La place Galatasaray à Istanbul a été, une fois de plus, le théâtre d’une violente répression policière à l’encontre des Mères du Samedi. Empêchées de manifester pour attirer l’attention sur les disparitions forcées et demander des comptes aux auteurs de ces crimes, les femmes et leurs soutiens ont été arrêtés. Au total, 26 personnes ont été interpellées et menottées.

Le mouvement des Mères du Samedi a reçu le soutien de nombreuses personnalités publiques cette semaine, parmi lesquelles l’avocate Eren Keskin, présidente de l’Association des droits de l’homme (IHD), ainsi que les députés du Parti de l’égalité et de la démocratie des peuples (HEDEP) Cengiz Çiçek, Celal Fırat et Özgül Saki. Étaient également présents Ahmet Şık, député du Parti des travailleurs de Turquie (TIP), et Musa Piroğlu, ancien député du Parti démocratique des peuples (HDP).

Alors que les forces de l’ordre repoussaient les journalistes et tentaient d’empêcher la députée Özgül Saki de rejoindre les proches des disparus, cette dernière a vigoureusement protesté contre le caractère illégitime de l’action policière. Elle n’a été autorisée à passer qu’après avoir averti les forces de l’ordre des potentielles conséquences juridiques de leur comportement. Pendant ce temps, les manifestants lançaient des œillets sur la place Galatasaray, fermée au public, en signe de résistance et de détermination à poursuivre leur quête de justice. Cengiz Çiçek a dénoncé l’attaque illégitime de la police et souligné que les Mères du Samedi incarnent la conscience de la société, méritant ainsi le plus grand respect pour leur résistance inébranlable.

Depuis plus de 28 ans, les Mères du Samedi demandent à avoir des réponses sur le sort de leurs proches disparus en garde à vue.

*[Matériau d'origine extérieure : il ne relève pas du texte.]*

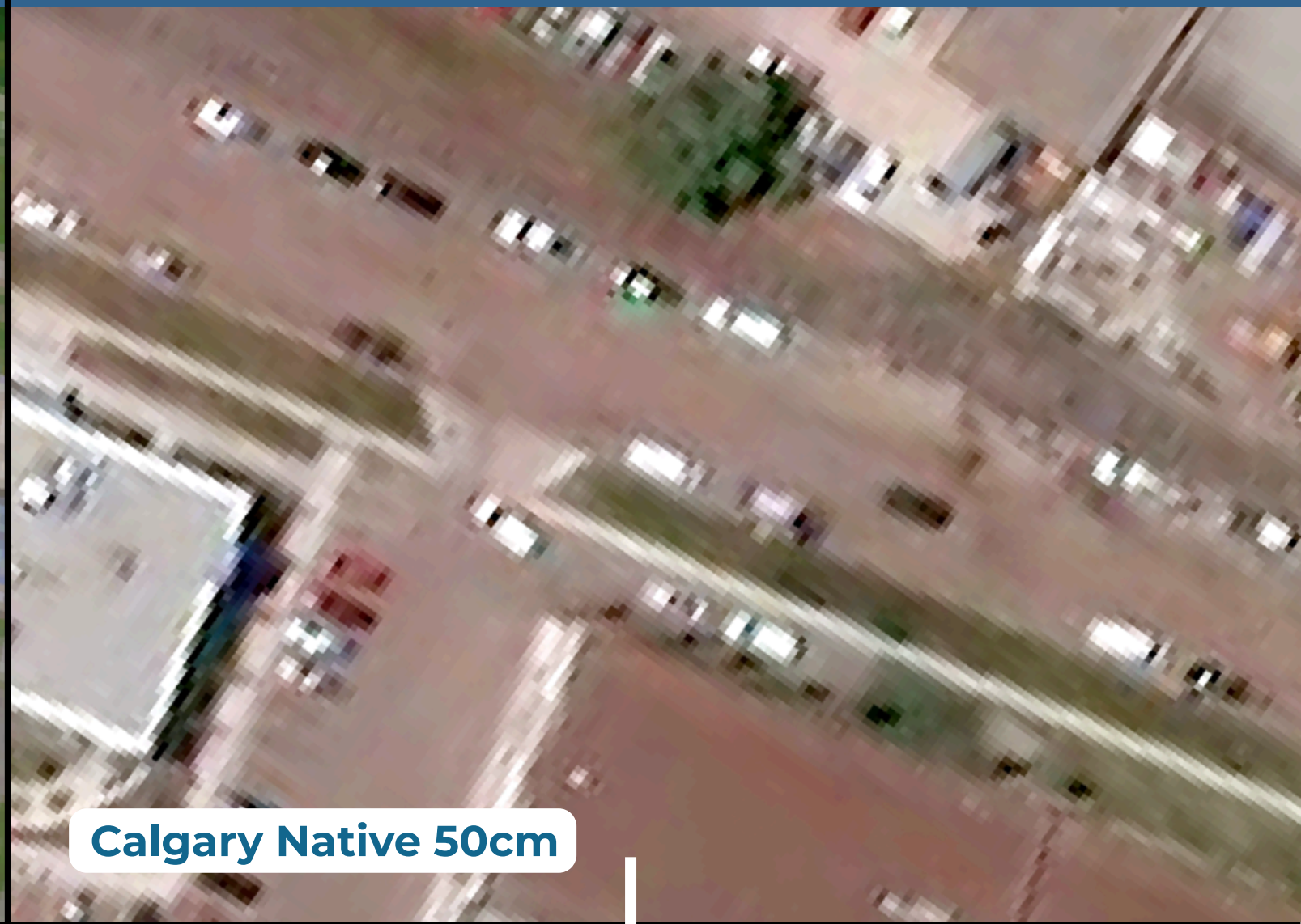
Calgary Native 50cm

Il s’agit de la plus longue action de désobéissance civile en Turquie, initiée le 27 mai 1995 par la famille d’Hasan Ocak, un enseignant mort sous la torture. On estime à 17 000 le nombre de personnes « disparues » en Turquie dans les années 1980 et 1990, principalement dans les régions kurdes, dont les corps ont souvent été retrouvés dans des fosses communes, des décharges ou des puits. Ni la police, ni la justice n’ont pris les mesures nécessaires pour enquêter sur ces « disparitions forcées ».

Depuis les manifestations de 2013 dans le parc Gezi à Istanbul, tout rassemblement est interdit sur la place Galatasaray, à l’exception des Mères du Samedi. Cependant, en août 2018, leur 700e veillée a été interdite et violemment dispersée sous prétexte de liens supposés avec le Parti des travailleurs du Kurdistan (PKK). Depuis, toute manifestation sur cette place est interdite, en contradiction avec la décision de la Cour constitutionnelle turque du 22 février 2023, statuant sur le droit à la liberté de réunion et de manifestation. Le blocage de la place est donc déclaré invalide. Malgré cela, le ministère turc de l’Intérieur et les autorités d’Istanbul continuent d’ignorer cette décision, réprimant violemment chaque semaine les Mères du Samedi et leurs soutiens.